• [Work to be completed] Write out the entries below exactly, but only from the line containing "Klingen II, 9, s. 2" through the line containing "TE 产品编号34143 PG R 22-16 COMM 22-18 MIL 4", and without the pictures.

• [Records supplied]
-------
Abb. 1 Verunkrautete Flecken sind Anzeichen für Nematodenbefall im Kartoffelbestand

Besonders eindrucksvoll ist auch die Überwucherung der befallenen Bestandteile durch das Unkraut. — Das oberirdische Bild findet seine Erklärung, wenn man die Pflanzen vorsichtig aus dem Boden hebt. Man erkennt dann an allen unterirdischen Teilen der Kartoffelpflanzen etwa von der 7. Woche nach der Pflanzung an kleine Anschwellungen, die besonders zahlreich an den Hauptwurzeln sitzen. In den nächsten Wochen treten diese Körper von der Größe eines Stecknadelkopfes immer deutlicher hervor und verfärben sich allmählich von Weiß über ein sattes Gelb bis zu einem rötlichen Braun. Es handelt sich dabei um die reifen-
-------
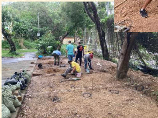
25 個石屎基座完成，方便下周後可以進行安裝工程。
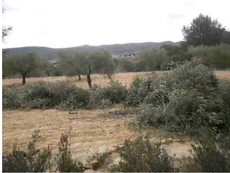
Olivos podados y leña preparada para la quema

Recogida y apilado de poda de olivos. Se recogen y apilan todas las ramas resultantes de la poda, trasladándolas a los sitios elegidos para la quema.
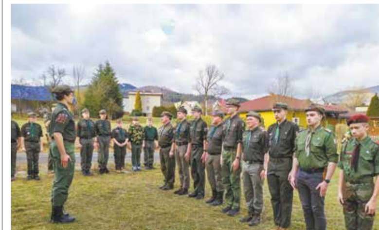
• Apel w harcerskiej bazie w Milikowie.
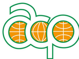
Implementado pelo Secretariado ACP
-------
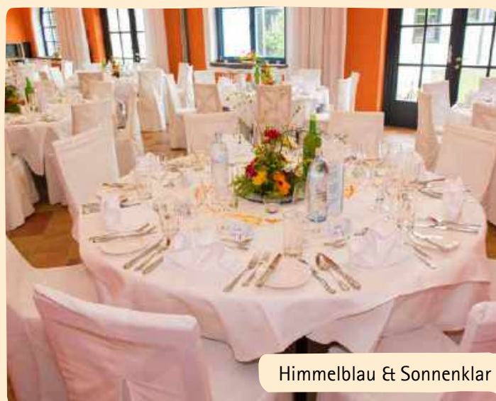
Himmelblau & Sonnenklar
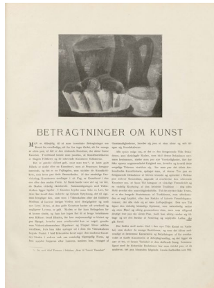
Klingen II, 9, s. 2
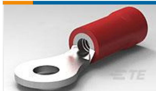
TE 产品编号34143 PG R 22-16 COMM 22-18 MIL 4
-------
• [Answer section]
Klingen II, 9, s. 2
TE 产品编号34143 PG R 22-16 COMM 22-18 MIL 4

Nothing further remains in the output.